Millionenerbin entledigt sich via Bürgerrat ihres Vermögens
"Ich habe immer gesagt, ich möchte mindestens 90 Prozent rückverteilen, und jetzt geht es endlich um diese Rückverteilung", sagte Engelhorn und zeigte sich "wahnsinnig aufgeregt". Vermögen sei in Österreich klar ungleich verteilt, und das sei ungerecht. Das reichste Prozent der Bevölkerung besitze knapp 50 Prozent aller Vermögen, mit allen negativen Auswirkungen auf das soziale Gefüge, das politische System oder auch die Medienlandschaft. "Das sorgt dafür, dass die Demokratie gefährdet wird durch diesen überproportional großen Einfluss einiger reicher Menschen."
Der Staat tue aber nichts dagegen und komme seinem Auftrag nicht nach, Steuern auf Vermögen und Erbschaften einzuheben. Deshalb sei sie der Idee eines Bürger:innenrats nahegetreten, nach dem Vorbild etwa des Klimarats: "Wenn man auf die Menschen hört, kommen wirklich unglaubliche Dinge dabei heraus."
Finanziert von Engelhorn, geht ein solches Gremium nun an den Start. 10.000 Einladungsbriefe werden dieser Tage versandt. Aus diesen zufällig Ausgewählten sollen in einem zweistufigen Verfahren 50 Personen und 15 Ersatzmitglieder repräsentativ für die Menschen über 16 Jahren in Österreich ausgewählt werden, schilderte Christoph Hofinger vom Foresight Institut (vormals Sora). Von März bis Juni soll dieser "Gute Rat" (http://guterrat.info/) dann - begleitet von einem Moderatorenteam und Experten - Ideen für den Umgang mit der Vermögensverteilung entwickeln und über die Rückverteilung der 25 Millionen Euro entscheiden. Getagt wird an sechs Wochenenden in Salzburg, pro Wochenende gibt es 1.200 Euro Aufwandsentschädigung pro Person.
Dass sie diesen Weg gewählt habe und das Geld nicht einfach selbst verteilt, hat laut Engelhorn einen guten Grund: Es wäre dann weiter ihre Entscheidung, und die Macht bliebe bei ihr. "Ich denke, wenn man die Demokratie ernst nimmt, muss man ihr eine richtige Chance geben." Mit einem Bürgerrat bitte sie ganz normale Menschen, eine Entscheidung zu treffen, ohne sie dabei allein zu lassen: "Dieses Vertrauen ist mir wichtiger, als die Macht bei mir zu bunkern."
Mit dem Geld, das ihr übrig bleibe, wolle sie die Übergangszeit finanzieren, bis sie dann selbst ins Erwerbsleben einsteige.
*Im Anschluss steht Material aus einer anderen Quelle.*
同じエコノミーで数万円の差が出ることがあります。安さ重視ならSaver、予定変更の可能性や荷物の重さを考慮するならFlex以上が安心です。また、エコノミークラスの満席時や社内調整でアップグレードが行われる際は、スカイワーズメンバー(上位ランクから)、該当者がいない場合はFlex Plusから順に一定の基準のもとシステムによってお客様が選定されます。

Angst, dass sie diese Lebensentscheidung später bereuen könnte, habe sie nicht; vielmehr freue sie sich, diese Macht abzugeben. "Wenn überreiche Menschen die Welt retten wollten, dann hätten sie es gemacht", erteilte Engelhorn auch der Idee philanthropischer Millionäre eine Absage.
Arbeiterkammer-Präsidentin Renate Anderl zollte Engelhorn in einer Aussendung "großen Respekt" für ihre Entscheidung. "Medien, Parlament und Bundesregierung sollten dieses starke Signal ernst und zum Anlass nehmen, über Millionärssteuern sachlich zu diskutieren und diese zu realisieren", forderte sie. Unterstützung kam auch von den Grünen, die sich für eine Millionärssteuer für Millionenerben aussprachen. Die Arbeiterkammer verwies - ebenso wie das Momentum Institut - auch auf die aktuellen Zahlen der Europäischen Zentralbank (EZB), wonach Österreich die zweithöchste Vermögenskonzentration der Eurozone aufweist.
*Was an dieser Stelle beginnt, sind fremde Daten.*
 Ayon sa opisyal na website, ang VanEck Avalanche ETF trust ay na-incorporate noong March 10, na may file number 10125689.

Ein klares Nein zu Vermögens- und Erbschaftssteuer kam hingegen einmal mehr von der Industriellenvereinigung (IV). Rufe nach einer "willkürlichen Besteuerung von hart erarbeitetem und bereits besteuertem Vermögen" wurden als realitätsfremd bezeichnet. Es brauche keine weiteren standortschädigenden Debatten, wurde in einer Aussendung erklärt.
Zusammenfassung
- Millionenerbin Marlene Engelhorn macht mit der Verteilung ihres Vermögens ernst.
- Vermögen sei in Österreich klar ungleich verteilt, und das sei ungerecht.
- Das reichste Prozent der Bevölkerung besitze knapp 50 Prozent aller Vermögen, mit allen negativen Auswirkungen auf das soziale Gefüge, das politische System oder auch die Medienlandschaft.
- "Ich denke, wenn man die Demokratie ernst nimmt, muss man ihr eine richtige Chance geben."